Without the pictures, give the listing below again exactly.
Raw data START
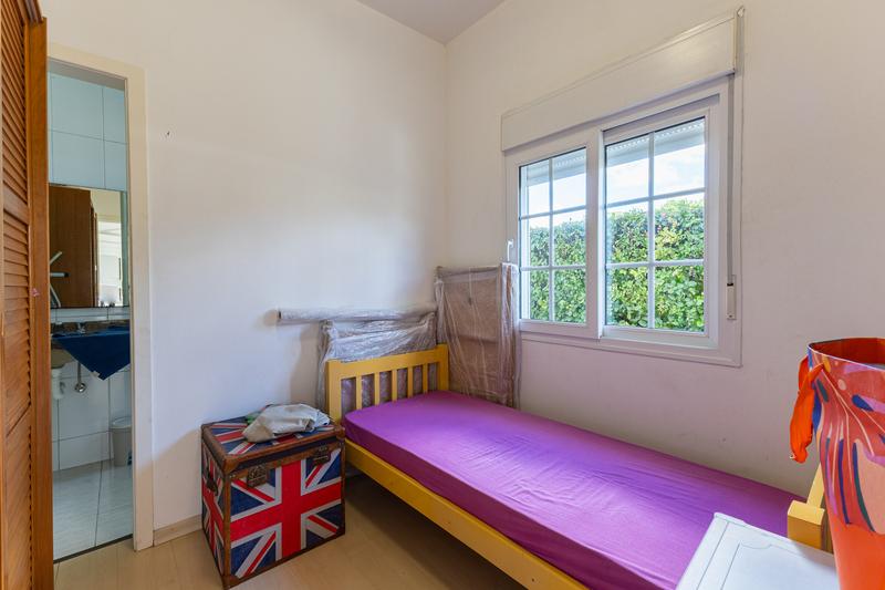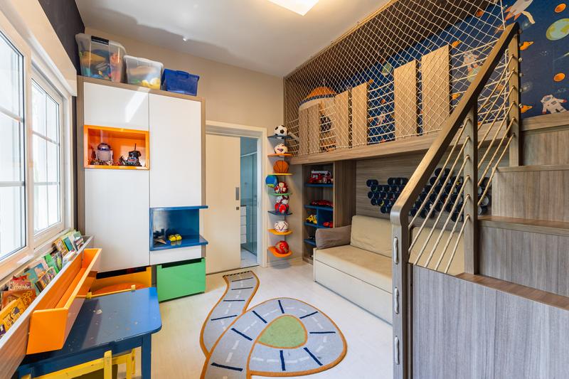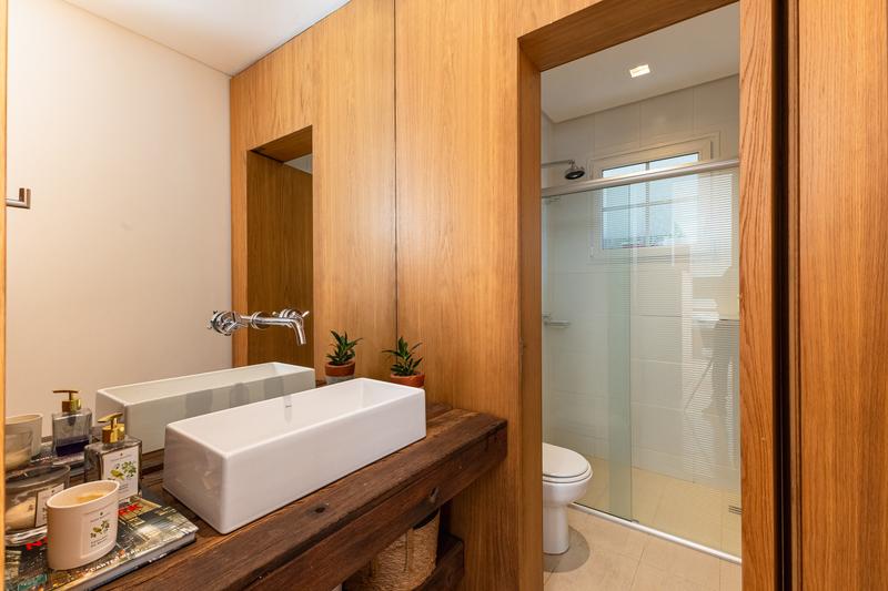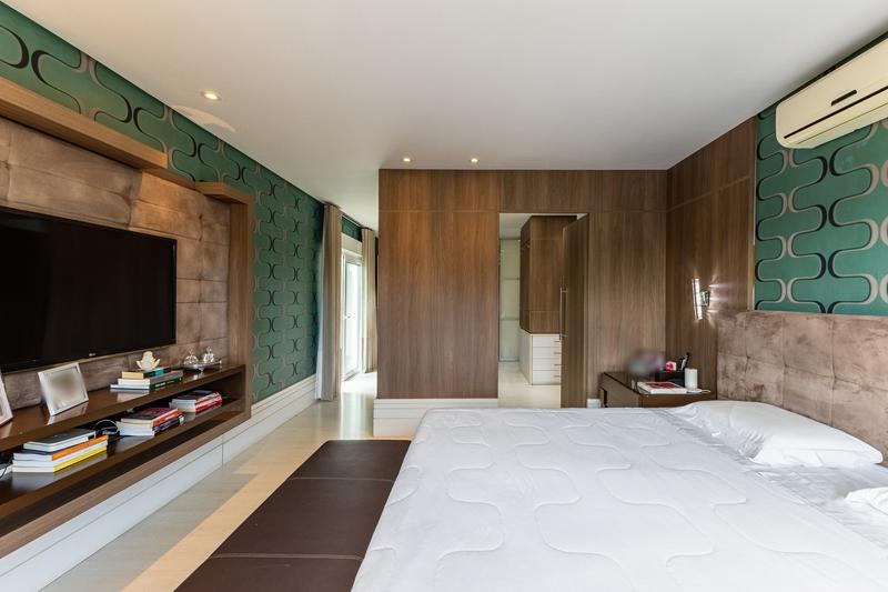 No pavimento superior, a casa dispõe de 3 quartos, sendo 1 suíte master com closet, banheiro individualizado com espaço para maquiagem e banheira, além de sacada. Há também 2 demi-suítes com banheiro de uso comum e um dos quartos com sacada. A circulação conta com um amplo roupeiro.
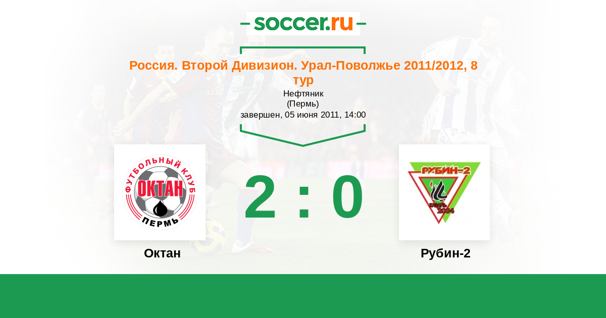 Россия. Вторая лига. Группа 4 28.08.2011 Рубин-2 Логотип футбольный клуб Рубин-2 (Казань) 1:2 Логотип футбольный клуб Октан (Пермь) Октан
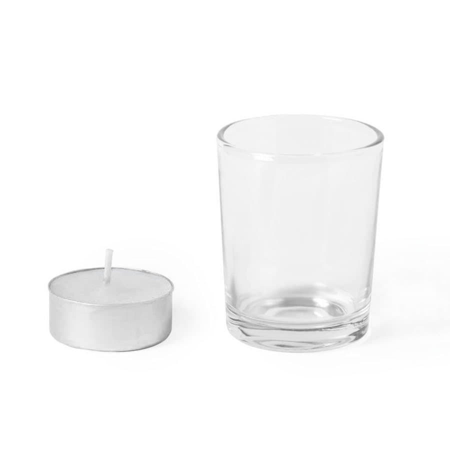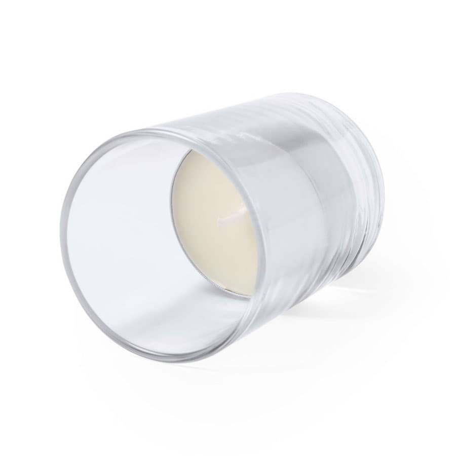 Свеча с ароматом ванили в стеклянном стаканчике.
Raw data END
• [Task result]
 No pavimento superior, a casa dispõe de 3 quartos, sendo 1 suíte master com closet, banheiro individualizado com espaço para maquiagem e banheira, além de sacada. Há também 2 demi-suítes com banheiro de uso comum e um dos quartos com sacada. A circulação conta com um amplo roupeiro.
 Россия. Вторая лига. Группа 4 28.08.2011 Рубин-2 Логотип футбольный клуб Рубин-2 (Казань) 1:2 Логотип футбольный клуб Октан (Пермь) Октан
 Свеча с ароматом ванили в стеклянном стаканчике.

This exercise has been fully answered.